Patiënten met schildklierproblemen vragen vaak of zij een verhoogd risico hebben op het verkrijgen van een coronavirusinfectie. Hoe werkt dat met auto-immuunziekten en infecties? En lopen mensen met een auto-immuun schildklierziekte extra risico?
Dit artikel is gepubliceerd in Schild magazine, juni 2020
Tekst: dr. Romana Netea-Maier, internist-endocrinoloog, Radboudumc Nijmegen
De meest voorkomende oorzaak van een te traag werkende schildklier (hypothyreoïdie) of een te snelwerkende schildklier (hyperthyreoïdie) is een auto-immuunziekte. Het afweersysteem (immuunsysteem) beschermt het lichaam tegen mogelijke ziekteverwekkers, zoals bacteriën, virussen en schimmels. Het immuunsysteem herkent deze lichaamsvreemde indringers en zet zijn werk in gang om deze ziekteverwekkers te vernietigen en op te ruimen.

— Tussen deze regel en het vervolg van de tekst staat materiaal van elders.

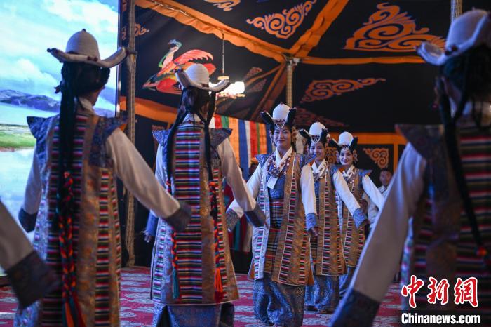 5月18日,西藏拉薩首屆“雪域古城·圣地拉薩”文化旅游節(jié)“情定當(dāng)雄”篝火鍋莊晚會(huì)在當(dāng)雄縣賽馬場(chǎng)熱鬧舉行。活動(dòng)開場(chǎng),當(dāng)雄縣盛大的迎賓儀式,盡顯藏族人民的熱情好客。隨后,拉薩各縣區(qū)帶來極具地方特色的文藝節(jié)目,舞蹈、歌曲等表演精彩紛呈,展現(xiàn)了拉薩多元文化魅力。傍晚,游客市民在賽馬場(chǎng)黑帳篷中觀看非遺展示,深入了解藏文化精髓。夜幕降臨,眾人圍在篝火旁跳起鍋莊,歡聲笑語回蕩在高原夜空。圖為當(dāng)雄牧民手持哈達(dá)參加迎賓儀式。中新社記者 貢嘎來松 攝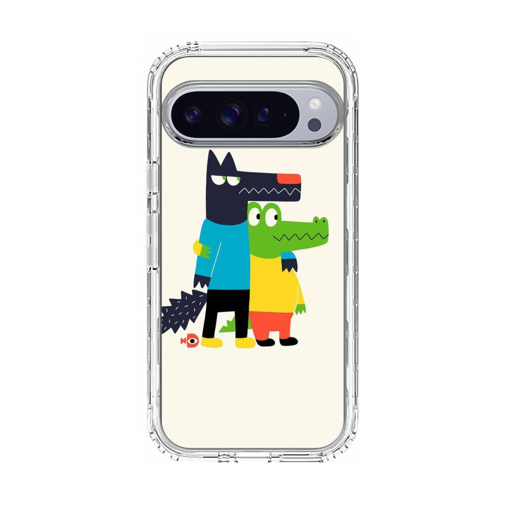 Cartoon Wolf und Krokodilleder Google Pixel 10 Pro XL Silikon Hülle● Sehr robust & langlebig

Ontstaan van auto-immuunziekten
Bij auto-immuunziekten werkt dit proces niet meer goed. Daardoor herkent het immuunsysteem bepaalde cellen niet meer als lichaamseigen en keert het zich tegen het eigen lichaam. Zo ontstaat er een ontstekingsreactie in de aangedane weefsels en organen, en worden lichaamseigen cellen beschadigd. Er ontstaat een zogenaamde autoimmuunziekte. Bekende voorbeelden van auto-immuunziekten zijn reuma (reumatoïde artritis), type 1- diabetes, de ziekte van Graves en de ziekte van Hashimoto.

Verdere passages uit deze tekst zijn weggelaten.